So I am done with this semester, finally.....After months of working my ass off I can finally take a breath, loosen my posture of "at attention" just a little bit and just for a little while. It means not all of me is going to be exhausted, just some of me....I cannot wait to get to that point, it'll be a few days to come down and maybe a few more considering it will be in the thick of Christmas Eve or Morning. I am not sure what normal human feels like any more but I am looking forward to meeting that person again. This is not only a come down for a few weeks, but also a few solid weeks to re-group and start out new, seeing with a fresh pair of clean eyes. I need to do some serious soul searching. Some serious battle prep for war with myself, my weaker and more evil inner voice. Man she is something that coaxer and excuse maker. She reels me in time and again even though I know what she's up to and also know she's a coward. She has this way about her, hhmmmm.
And so I say this mission is one of self respect (yet again)
Here's the situation as I see it... I had to go to school when I did, the right things had to happen to get me there in my head. When that happened, naturally I was in the best physical shape of my life and feeling pretty good about myself and my health. I had arrived at a place where running 25 miles a week was average and weight bars were dance partners. It was fairly amazing to be almost 40 and a Mother to four children, (one who was 19) and be damn sure I could out run an attacker and kick his ass, if not. Felt like a machine in a lot of ways, the mechanics were oiled and parts were in sync. It was good.
Then came school and oh how I loved school. That did for me psychologically what running did for me physically, my brain got tough like my abs. Buttttttt the school work took place of the gym work and before I knew it I was sustaining myself through the late night classes with late meals, late night snacks and during history and sometimes philosophy a cookie and/or a candy bar....I noticed that I was gaining weight last winter and knew that things were slackening up from the lack of pump, but still I thought I had it under control. Then I realized this summer my summer clothes felt different and my boobs were too big for last years bikini. I didn't pressure myself though, after all Papa had died and I did two semesters at 4.0, no one could do it all.......
Then Ms. Evil said go ahead, smoke one....Then before I knew it my slippery slope sent me reeling backward and and in too deep, too fast. Marlboro menthol golds and candy bars, shit.

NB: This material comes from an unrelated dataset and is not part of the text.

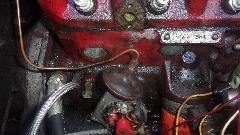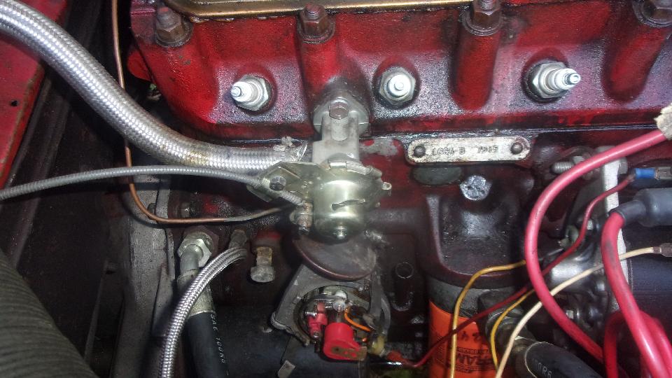Once fired up again it was still running badly, so I checked and set the ignition timing, but no joy. Pulling spark wires one by one wasn't revealing much either, until I noticed spark leaking under the edge of the distributor cap and sparking onto the cap hold-down clip. Been a long time since I have seen one tracking the HT spark down the inside of the distributor cap, but there it was. With cap off and in hand and a bright light, we could see the sooty tracking mark very clearly, so it needed a new dizzy cap. Unfortunately I recently installed the only spare I had on my own car, and not another spare cap available, so we had to send this car home running on three cylinders. But the owner assured me he had a new cap and new wires at home, and the points and condenser and rotor were already new parts.

Now I am three weeks in, back off the butts BUT 17 pounds heavier....I haven't really run run in a year, maybe fifteen months.

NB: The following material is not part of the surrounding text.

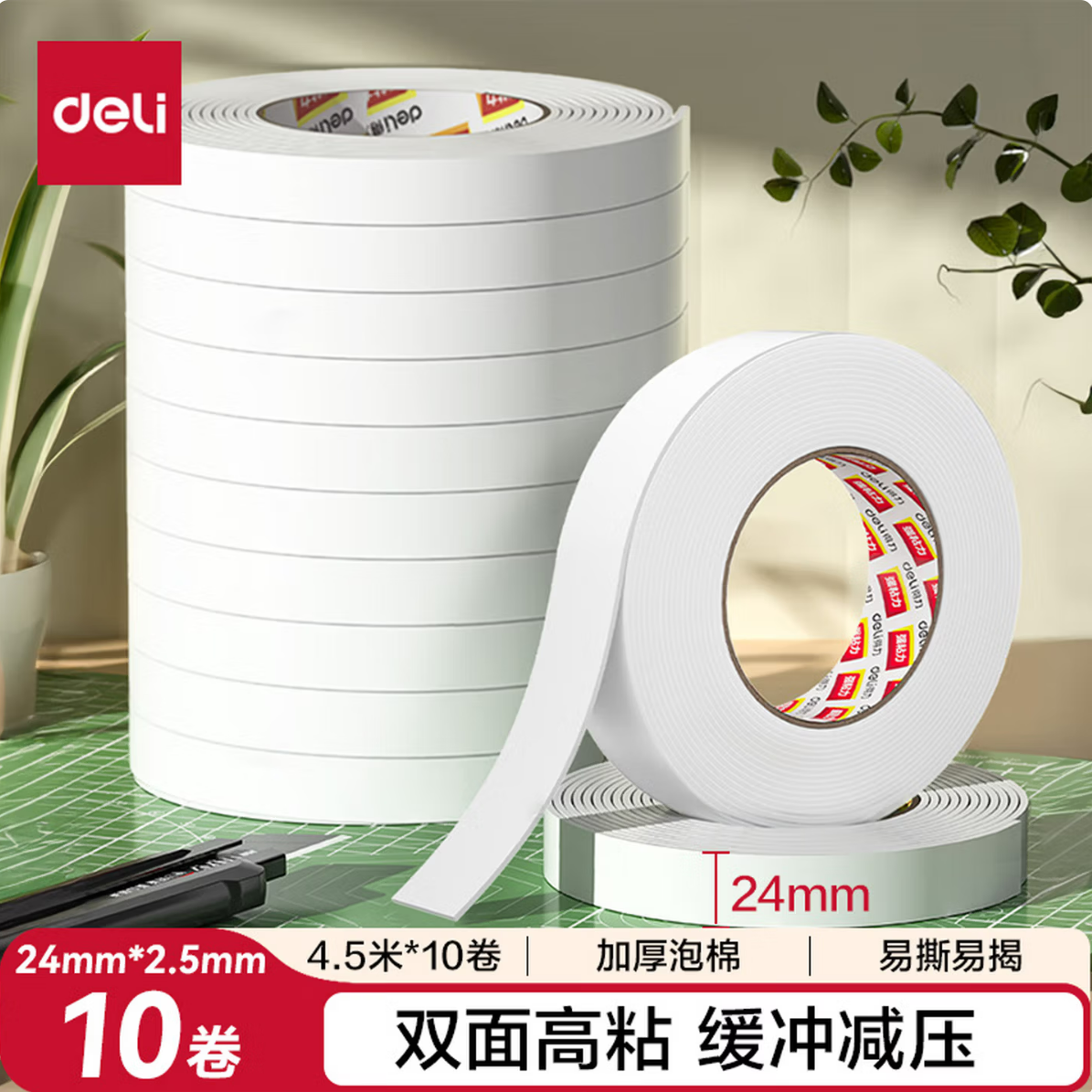 得力(deli)高粘EVA泡棉双面胶带 24mm*5y*2.5mm加厚

I can't do it all.... but I CAN that's the thing. I will never be perfect and I am so cool with imperfection, I am not however, down with unhealthy. That girl is not my "it girl", she's that excuse giver and allowance maker....
So back to square 1, on Jan 1....This self respecting healthy thriving woman is about to get her Libra on and better balance all things Deb. Running is what I do and I believe, will be a great power tool for the stamina full time college requires of a for a 40 year old Ma. I am bout to get my run on and my A's on, same time, together. I am getting the brain and the machine to work together next semester, lets see all the things they push each other to do....Getting back in the drivers seat, almost there in my head, 10 days to go.